Letting users decide what files to process is more flexible and more consistent with built-in Unix commands.
Flow Control
Overview
Teaching: 30 min
Exercises: 15 minQuestions
How to control the flow of a Bash program?
Objectives
Understand Bash basic conditional structure.
Familiarize with common operators to compare strings and integers.
Familiarize with common operators to test existance of files and directories.
The if
statement
A programming language, even a simple one, requires the ability to change its functionality depending upon certain conditions. For example, if a particular file exists or if the number represented by a variable is greater than some value then perform some action, otherwise perform a different action. In this section we shall look at ways of determining the flow of a script.

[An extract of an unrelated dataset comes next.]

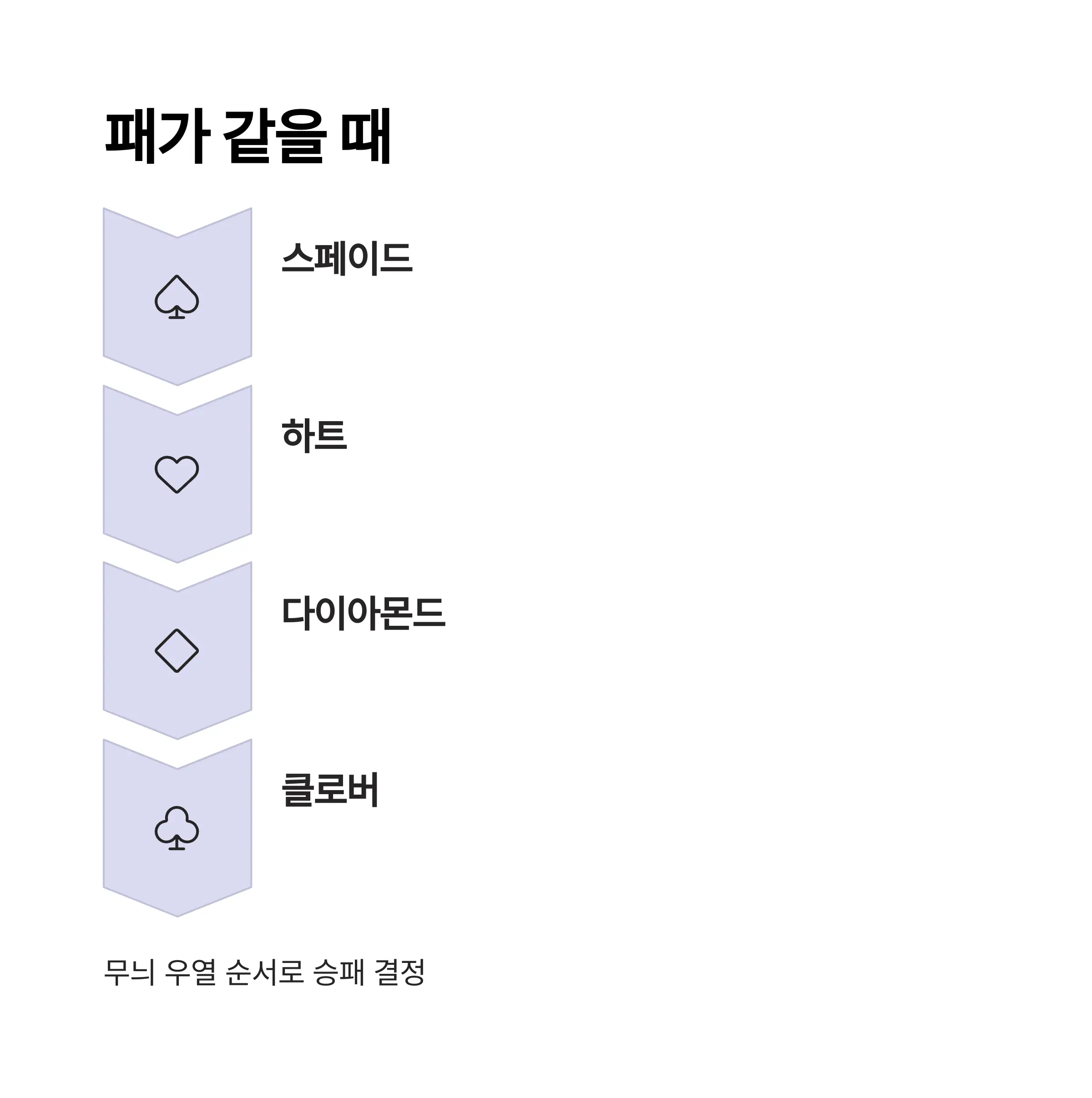 - 무늬 우열 순서: 스페이드(♠) > 하트(♥) > 다이아몬드(◆) > 클로버(♣)

We have already seen how variables can be assigned and printed. But we may want to test the value of a variable in order to determine how to proceed. In this case we can use the if statement to test the validity of an expression. A typical shell comparison to test the validity of CONDITION has the form:
if [[ CONDITION ]]; then
echo "Condition is true"
fi
Where CONDITION is typically a construct that uses two arguments which are compared using a comparison operator. Some of the more common comparison operators used to form conditions are summarized inthe following table:
Arithmetic | String | ||
---|---|---|---|
-eq | equals | = | equals |
-nq | not equal to | != | not equal to |
-lt | less than | < | less than |
-gt | greater than | > | greater than |
-le | less than or equal to | ||
-ge | greater than or equal to |
It is also possible to add an additional default action to be executed in case our
test is not satisfied, for this we use the else
statement:
if [[ CONDITION ]]; then
echo "Condition is true"
else
echo "Condition is false"
fi
For example, we can perform a comparison on two integers. Copy the following command
to a bash script (you can also try executing directly in the terminal similar as we
did with for
loops) called comparing-integers.sh:
if [[ $1 -eq $2 ]]
then
echo ${1} is equal to ${2}
elif [[ $1 > $2 ]]
then
echo ${1} is greater than ${2}
elif [[ $1 -lt $2 ]]
then
echo ${1} is less than ${2}
fi
And execute it like this (try also with other numbers):
$ bash comparing-integers.sh 10 3
10 is greater than 3
We can also compare strings. Copy the following commands to a script called comparing-strings.sh:
if [[ $1 == $2 ]]
then
echo strings are equal
else
echo strings are different
fi
And execute it like this:
$ bash comparing-integers.sh dog cat
strings are different
More on Integer and String comparisons
Consider the following code snippet, it demonstrates some basic string and integer comparisons, with branching code depending upon the outcome. We first define two variables X and Y (you can also use
$1
and$2
to access arguments passed) to the script) and assign them integer values (remember that to Bash they are still strings).The next step is to build an if…then…else construct to test our variables using an arithmetic comparison operator. Specifically, using
-eq
lets Bash know that the values stored in the variables are to be treated as numbers. If X is equal to Y the script performs one action, if not, then it performs another.#!/bin/bash #Declare two integers for testing X=3 Y=10 #Perform a comparison on the integers if [[ $X -eq $Y ]]; then echo "${X} equals ${Y}" else echo "${X} does not equal ${Y}" fi
Now try the following:
- Use some of the other comparison operators and see if your results meet your expectations. What outcome would you expect when using the string comparison operators
<
or>
?- Test different numbers, for example, compare 10 and 3; “10” and “3” (including the
"
); “10” “ 3” (notice the space in front of the number 3); “40” “3”. What kind of results do you obtain?Solution
Notice that in the first case the results are not necessarily as we expect since the characters are compared in alphabetical (ASCII) order since we are using a string comparison operator.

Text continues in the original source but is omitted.